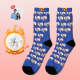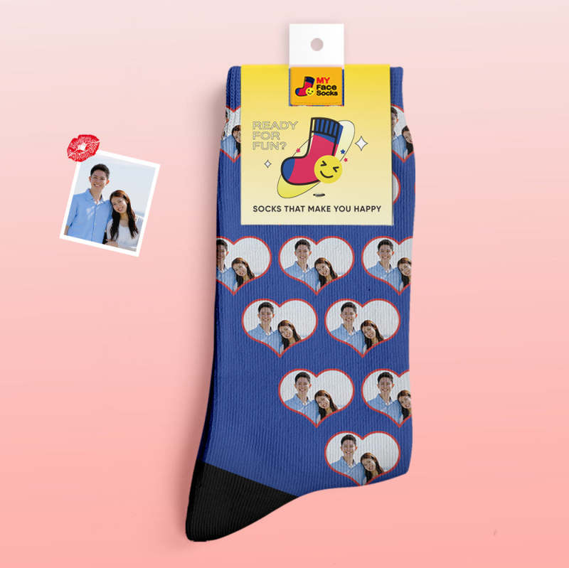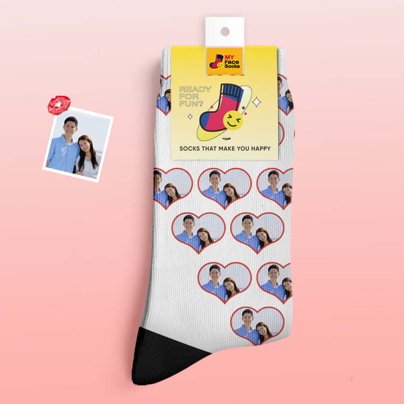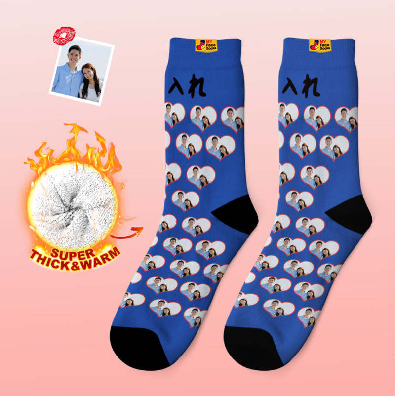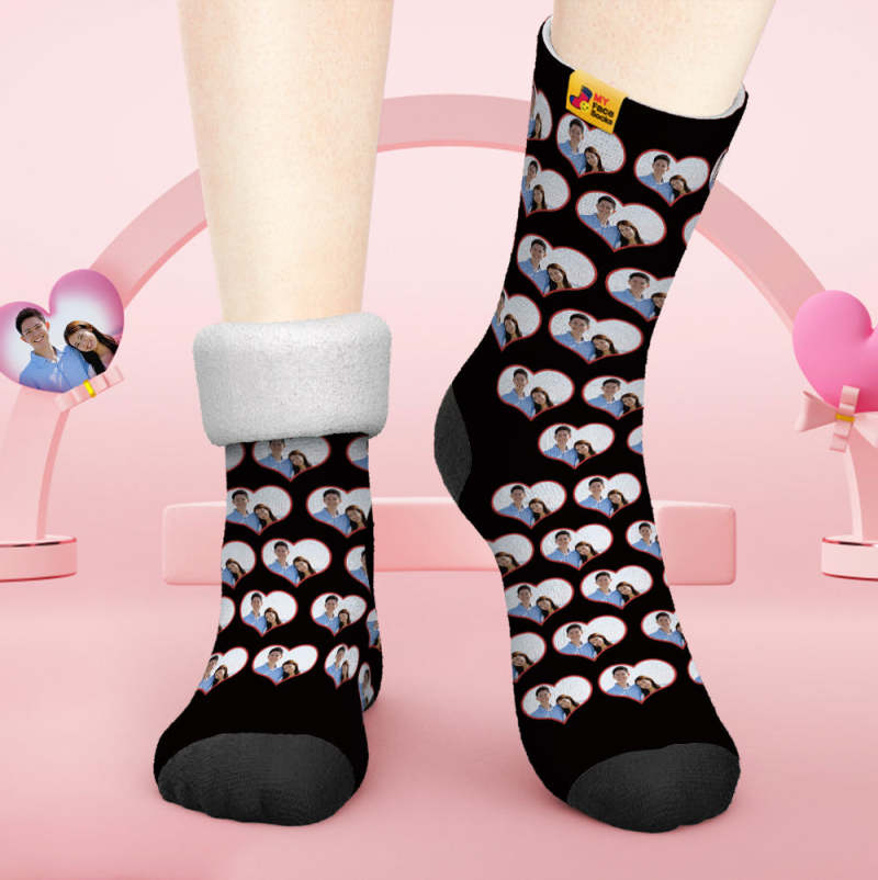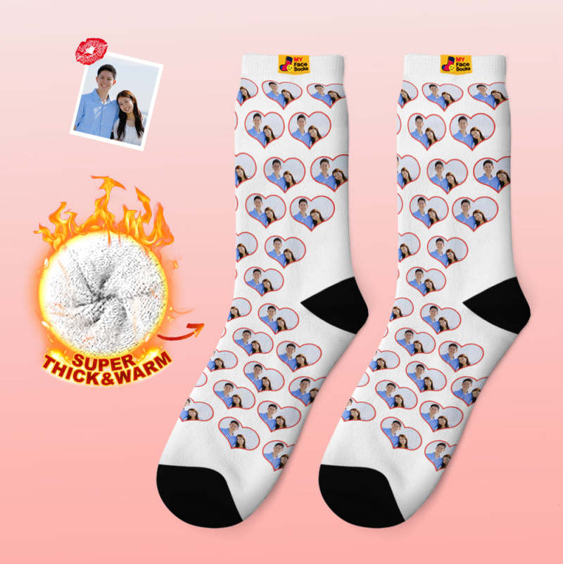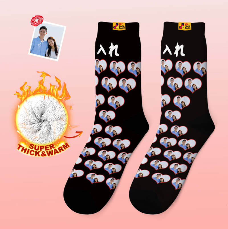 カスタム厚手フェイスソックス-写真入れ名入れ可能なオリジナル秋冬用暖かいバレンタイン靴下プレゼント-ハート形写真だらけ柄
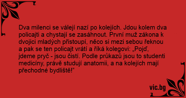 Dva milenci se válejí nazí po kolejích. Jdou kolem dva policajti a chystají se zasáhnout. První muž zákona k dvojici mladých přistoupí, něco si mezi sebou řeknou a pak se ten policajt vrátí a říká kolegovi: „Pojď, jdeme pryč - jsou čistí. Podle průkazů jsou to studenti medicíny, právě studují anatomii, a na kolejích mají přechodné bydliště!”
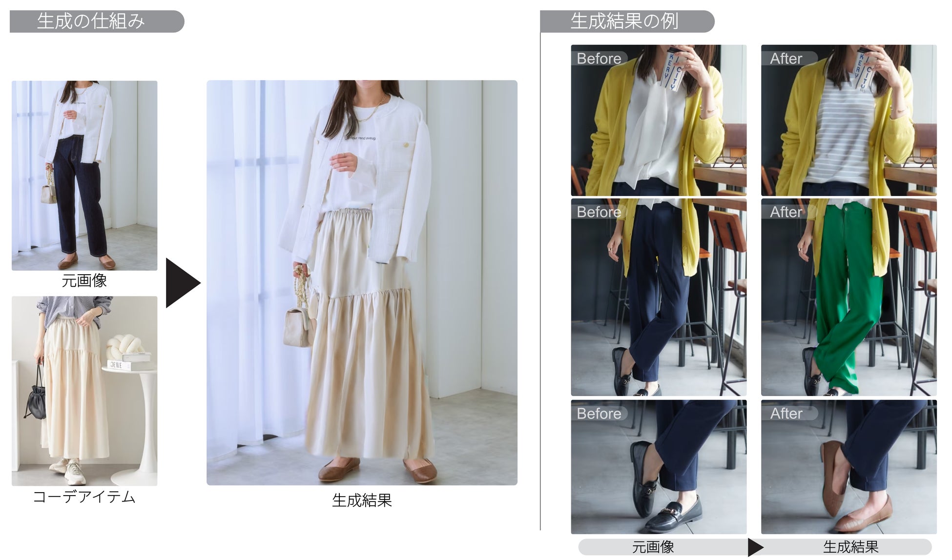 画像生成AIが既存データをもとに衣服の着用パターンを自動生成
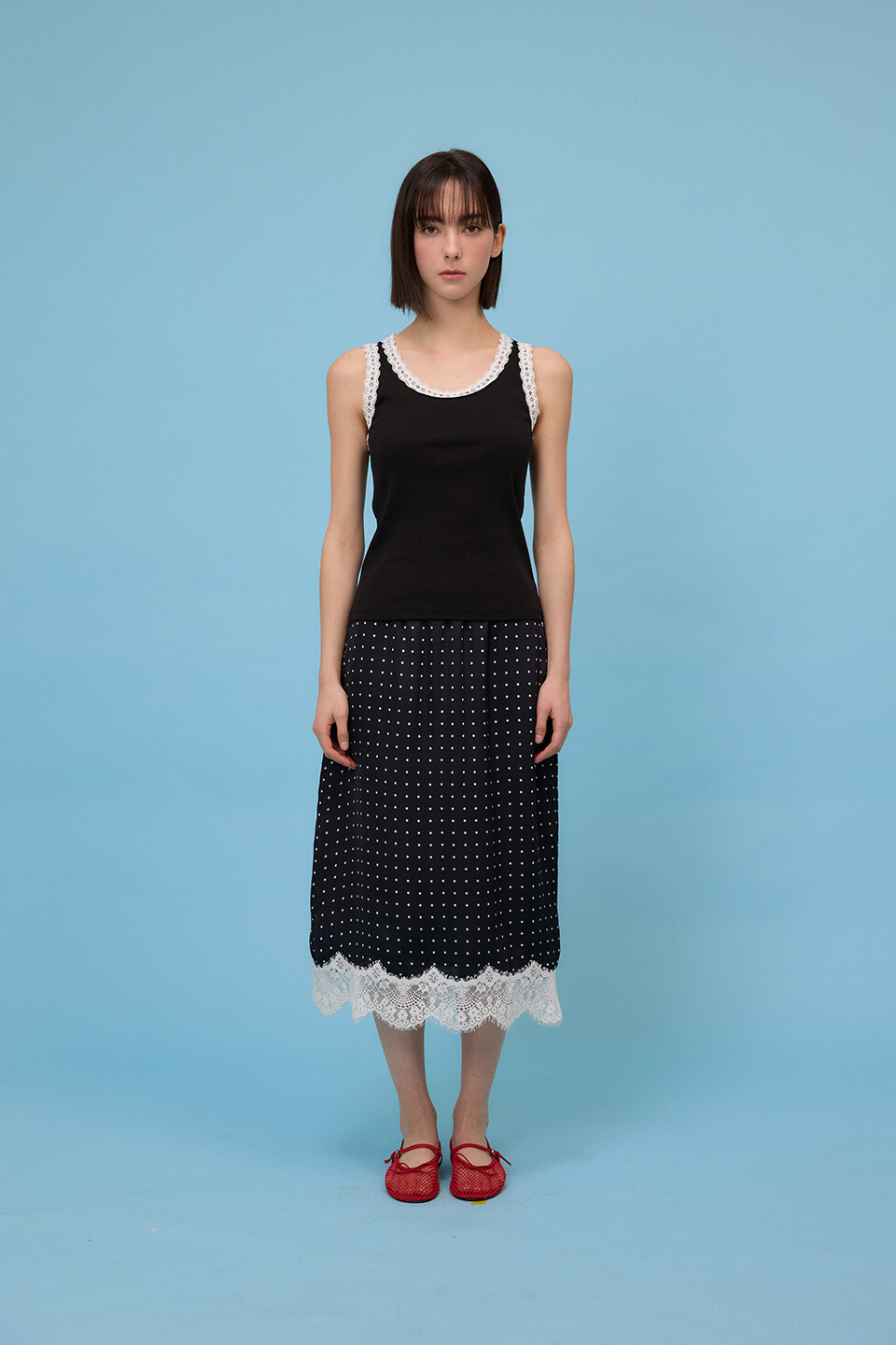 [예약배송4/17] Dotted Satin Lace Skirt - Dark Navy
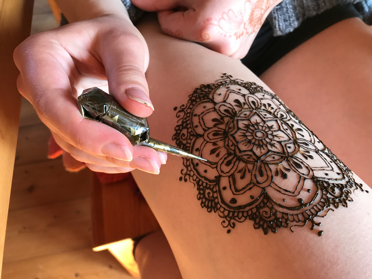 Vor vier Jahren habe ich der Tochter einen gemeinsamen Henna-Kurs geschenkt. Das Thema begeistert sie nach wie vor. Mit zwei Freundinnen zusammen, hat sie sich vor ein paar Tagen neue Henna-Paste bestellt und tobt sich nun kreativ auf ihrer Haut aus.
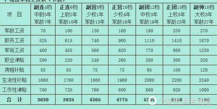 2、校官:营职到师职约5200元至7800元左右人民币,较现时4200元至7800元左右增加1000多元左右,调整后的工资将有5200元至8800元左右人民币。
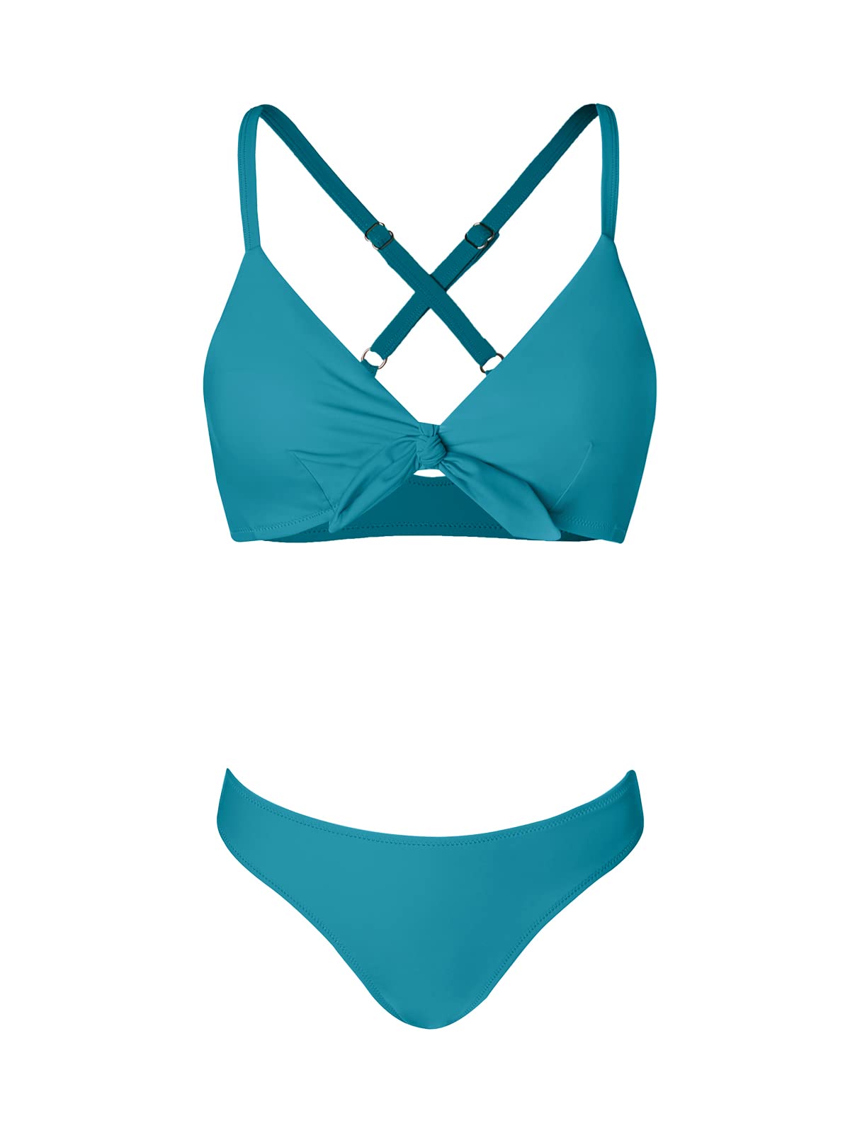 CUPSHE Bikini Set for Women Two Piece Swimsuit V Neck Knot Crisscross Low Waist Bathing Suit M, Teal Blue
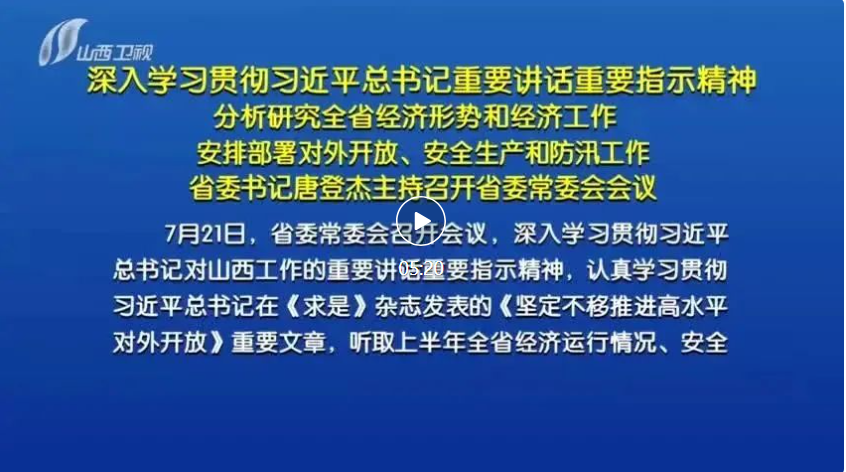7月21日,省委常委會召開會議,深入學(xué)習(xí)貫徹習(xí)近平總書記對山西工作的重要講話重要指示精神,認(rèn)真學(xué)習(xí)貫徹習(xí)近平總書記在《求是》雜志發(fā)表的《堅定不移推進(jìn)高水平對外開放》重要文章,聽取上半年全省經(jīng)濟(jì)運行情況、安全生產(chǎn)形勢和防汛工作情況匯報,研究部署下一步工作,審議通過《關(guān)于嚴(yán)格落實“四水四定”的實施方案》。省委書記唐登杰主持會議。
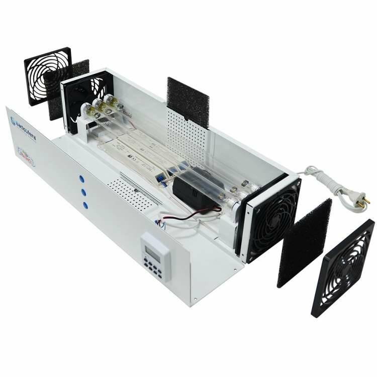 • Конструкція. В рециркуляторі встановлено два витяжних вентилятори. Крім цього на бічних стінках приладу встановлено два повітрозабірника з захистом від зовнішнього проникнення прямих УФ-С променів. Така конструкція збільшує швидкість повітропрохідності до двох разів, що сприяє більш швидкому знезараженню повітря. Усередині корпусу опромінювача на кріпильних отворах розміщені герметичні кришки для утримання тяги (швидкості руху повітря). Корпус приладу легко демонтується для  техобслуговування.
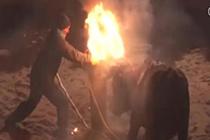 西班牙“火牛节”牛受罪 头顶烈火撞桩而死
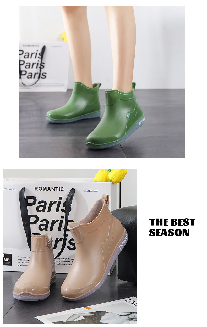 새로운 짧은 장화, 세련된 성인 미끄럼 방지 내마모성 부드러운 밑창 장화, 방수 신발, 주방 작업 고무 신발, 여성용 워터 부츠
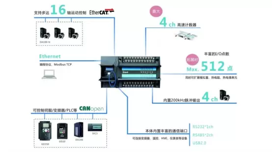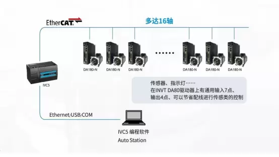 英威腾IVC5小型PLC,内置基于EtherCAT总线的运动控制方案,适用于多轴的运动控制设备。
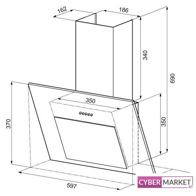 конструкция купольная, монтаж настенный, ширина 60 см, управление механическое/кнопочное, производительность мотора 400 м³/ч, цвет нержавеющая сталь
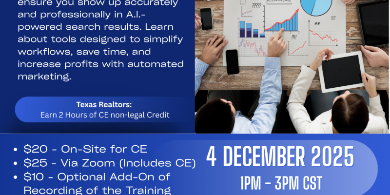 In today’s fast-moving market, real estate agents and small business owners need to do more with less. This workshop introduces the power of Smarter Business with A.I. – a set of A.I.-driven tools designed to simplify workflows, save time, and increase profits. All while providing superior customer service. Through live demos, real-world examples, and guided practice, participants will learn how to automate marketing, client follow-ups, scheduling, and more. Attendees will walk away with practical automations they can immediately implement.

......

What you have to do =
All of the listing is to be written out exactly, with the pictures left out.

Answer to this task =
 カスタム厚手フェイスソックス-写真入れ名入れ可能なオリジナル秋冬用暖かいバレンタイン靴下プレゼント-ハート形写真だらけ柄
 Dva milenci se válejí nazí po kolejích. Jdou kolem dva policajti a chystají se zasáhnout. První muž zákona k dvojici mladých přistoupí, něco si mezi sebou řeknou a pak se ten policajt vrátí a říká kolegovi: „Pojď, jdeme pryč - jsou čistí. Podle průkazů jsou to studenti medicíny, právě studují anatomii, a na kolejích mají přechodné bydliště!”
 画像生成AIが既存データをもとに衣服の着用パターンを自動生成
 [예약배송4/17] Dotted Satin Lace Skirt - Dark Navy
 Vor vier Jahren habe ich der Tochter einen gemeinsamen Henna-Kurs geschenkt. Das Thema begeistert sie nach wie vor. Mit zwei Freundinnen zusammen, hat sie sich vor ein paar Tagen neue Henna-Paste bestellt und tobt sich nun kreativ auf ihrer Haut aus.
 2、校官:营职到师职约5200元至7800元左右人民币,较现时4200元至7800元左右增加1000多元左右,调整后的工资将有5200元至8800元左右人民币。
 CUPSHE Bikini Set for Women Two Piece Swimsuit V Neck Knot Crisscross Low Waist Bathing Suit M, Teal Blue
7月21日,省委常委會召開會議,深入學(xué)習(xí)貫徹習(xí)近平總書記對山西工作的重要講話重要指示精神,認(rèn)真學(xué)習(xí)貫徹習(xí)近平總書記在《求是》雜志發(fā)表的《堅定不移推進(jìn)高水平對外開放》重要文章,聽取上半年全省經(jīng)濟(jì)運行情況、安全生產(chǎn)形勢和防汛工作情況匯報,研究部署下一步工作,審議通過《關(guān)于嚴(yán)格落實“四水四定”的實施方案》。省委書記唐登杰主持會議。
 • Конструкція. В рециркуляторі встановлено два витяжних вентилятори. Крім цього на бічних стінках приладу встановлено два повітрозабірника з захистом від зовнішнього проникнення прямих УФ-С променів. Така конструкція збільшує швидкість повітропрохідності до двох разів, що сприяє більш швидкому знезараженню повітря. Усередині корпусу опромінювача на кріпильних отворах розміщені герметичні кришки для утримання тяги (швидкості руху повітря). Корпус приладу легко демонтується для  техобслуговування.
 西班牙“火牛节”牛受罪 头顶烈火撞桩而死
 새로운 짧은 장화, 세련된 성인 미끄럼 방지 내마모성 부드러운 밑창 장화, 방수 신발, 주방 작업 고무 신발, 여성용 워터 부츠
 英威腾IVC5小型PLC,内置基于EtherCAT总线的运动控制方案,适用于多轴的运动控制设备。
 конструкция купольная, монтаж настенный, ширина 60 см, управление механическое/кнопочное, производительность мотора 400 м³/ч, цвет нержавеющая сталь
 In today’s fast-moving market, real estate agents and small business owners need to do more with less. This workshop introduces the power of Smarter Business with A.I. – a set of A.I.-driven tools designed to simplify workflows, save time, and increase profits. All while providing superior customer service. Through live demos, real-world examples, and guided practice, participants will learn how to automate marketing, client follow-ups, scheduling, and more. Attendees will walk away with practical automations they can immediately implement.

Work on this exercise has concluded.